PSOL, de Chico Alencar, propôs reajuste de 54% na tabela, com alíquota de 50% para quem ganha mais de R$ 46 mil (Foto: Leonardo Prado/Agência Câmara)

Brasília - Deputados apresentaram 57 emendas à Medida Provisória 528/11, que reajustou faixas de cobrança e descontos do Imposto de Renda da Pessoa Física em 4,5% por ano até 2014. Todos os partidos de oposição querem que o reajuste seja maior ou, no mínimo, recupere a inflação do período. O Índice de Preços ao Consumidor Ampliado (IPCA) e o Índice Nacional de Preços ao Consumidor (INPC), usados pelos parlamentares para sugerir a correção, ficaram em 5,91% e 6,47% em 2010, respectivamente.

“Não reajustar pela inflação as tabelas do IR é uma forma indireta de aumentar impostos, e já chegamos ao limite”, disse o líder do PSDB, deputado Duarte Nogueira (SP). Ele propõe um reajuste em 5,90% em 2010, mas não quer que o texto final da medida provisória tenha qualquer regra para os próximos anos. “Isso seria retirar do Congresso o papel de debater reajustes maiores nos próximos anos para recuperar a defasagem”, completou.

A oposição promete fazer barulho caso o governo não negocie, e Nogueira acredita contar com os votos de vários deputados da base aliada para um reajuste maior.

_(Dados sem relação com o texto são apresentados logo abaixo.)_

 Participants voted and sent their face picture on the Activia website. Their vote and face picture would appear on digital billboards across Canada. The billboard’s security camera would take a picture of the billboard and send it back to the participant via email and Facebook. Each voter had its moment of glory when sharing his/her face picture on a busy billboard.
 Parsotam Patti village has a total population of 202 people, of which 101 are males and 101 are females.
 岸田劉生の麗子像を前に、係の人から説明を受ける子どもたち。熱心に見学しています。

O deputado Carlos Zarattini (PT-SP) acredita que o governo não será intransigente, e o reajuste poderá ser feito acima do proposto pela MP. Ele mesmo apresentou uma emenda para que o índice seja de 5,5% neste ano, e acredita que as centrais sindicais vão reivindicar uma nova negociação. “Com a previsão de inflação maior, fica difícil manter esse reajuste, porque se você reajusta pela inflação, mantém a carga, mas se reajustar a menos você aumenta a carga para quem paga IR”, explicou.

Alíquotas

Outros deputados da base aliada pediram reajustes maiores, entre eles Milton Monti (PR-SP), que propõe a recuperação da defasagem pelo menos desde 2007, o que daria um reajuste de 7,6%. André Moura (PSC-SE) sugeriu 5,9%, e Edmar Arruda, 6,5%. Izalci (PR-DF) quer usar o INPC, e Reguffe (PDT-DF) defende que, além da variação medida por esse índice, seja concedido mais um ponto percentual.

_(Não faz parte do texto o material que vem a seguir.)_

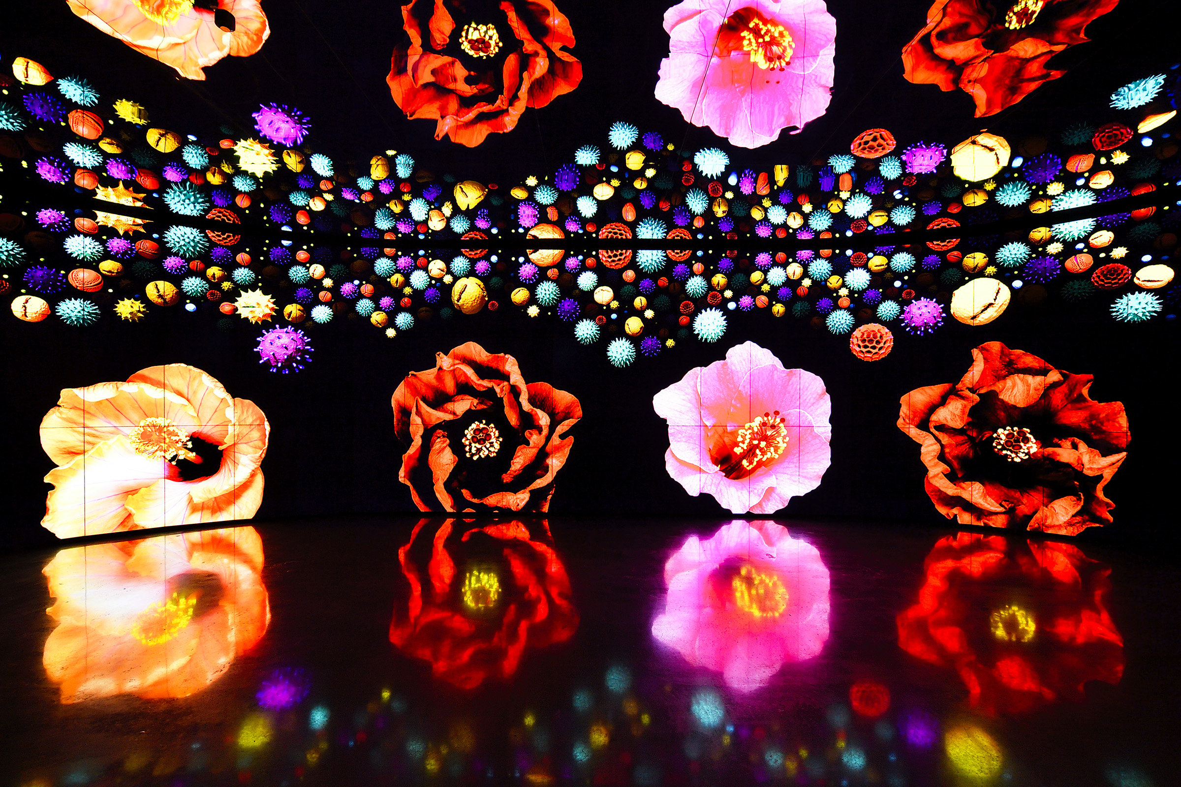 還有全台首棟用稻稈綑搭建的永續建築「四口之家」,更連續獲得2019德國iF設計獎、2018美國建築大師榮譽獎、2018倫敦設計銀獎、2018紐約設計銀獎、2018美國IDA設計銅獎等5國際獎項;「友達微美館」內則有全台最大556吋電視牆,以花粉顯微影像為創作素材,呈現繽紛多姿的動態影像,為花博人氣的打卡景點。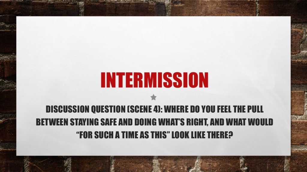 Discussion Question (Scene 4): Where do you feel the pull between staying safe and doing what’s right, and what would “for such a time as this” look like there?
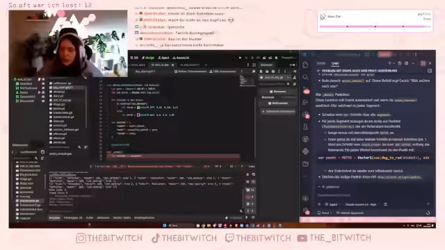 04:52:28Die Streamerin arbeitet an einem Code-Projekt, das mathematische Funktionen wie Sinus und Cosinus beinhaltet. Sie zeigt Frustration über mathematische Konzepte und Komplikationen mit dem Code. Dabei geht es um die Erstellung eines Diagramms, das Arbeits- und Betrugszeiten visualisiert, sowie um die Implementierung von Grafikelementen in einem Spielprojekt.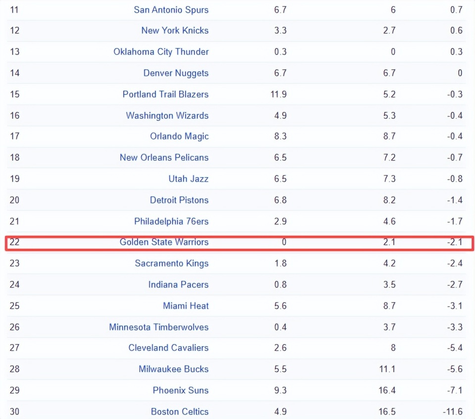 21-30名:76人、勇士、国王、步行者、热火、森林狼、骑士、雄鹿、太阳、凯尔特人。

O PSOL propôs um reajuste de 54% na tabela, além da criação de mais faixas de alíquotas, inclusive mais altas, chegando a 50% de imposto para quem ganha acima de R$ 46 mil mensais. Segundo o líder do partido, deputado Chico Alencar (RJ), o reajuste abaixo da inflação pode ser configurado como confisco, o que é proibido pela Constituição.

O DEM, com emenda de seu líder, o deputado Antônio Carlos Magalhães Neto (BA), propôs que o IPCA seja utilizado para o reajuste atual. Como os líderes de todos os partidos de oposição apresentaram emendas, o deputado Duarte Nogueira acredita que haverá um esforço para que uma delas seja aprovada, aumentando o reajuste.

Despesas

Vários deputados argumentam que a maior defasagem inclusive está nos descontos do Imposto de Renda com educação. Os gastos com saúde são ilimitados, mas o limite de dedução com educação foi reajustado pela MP para R$ 2.958,23. Uma mensalidade escolar de R$ 250 ficaria acima desse limite anual. Há propostas para que esse valor seja ilimitado, para que ele seja reajustado pela inflação, e propostas que incluem gastos com moradia entre os dedutíveis.

A inclusão de medicamentos de uso contínuo entre os descontos, e a prorrogação do desconto de IR para a contribuição previdenciária feita pelo patrão para o empregado doméstico, que acaba em 2011, também estão entre as propostas recorrentes.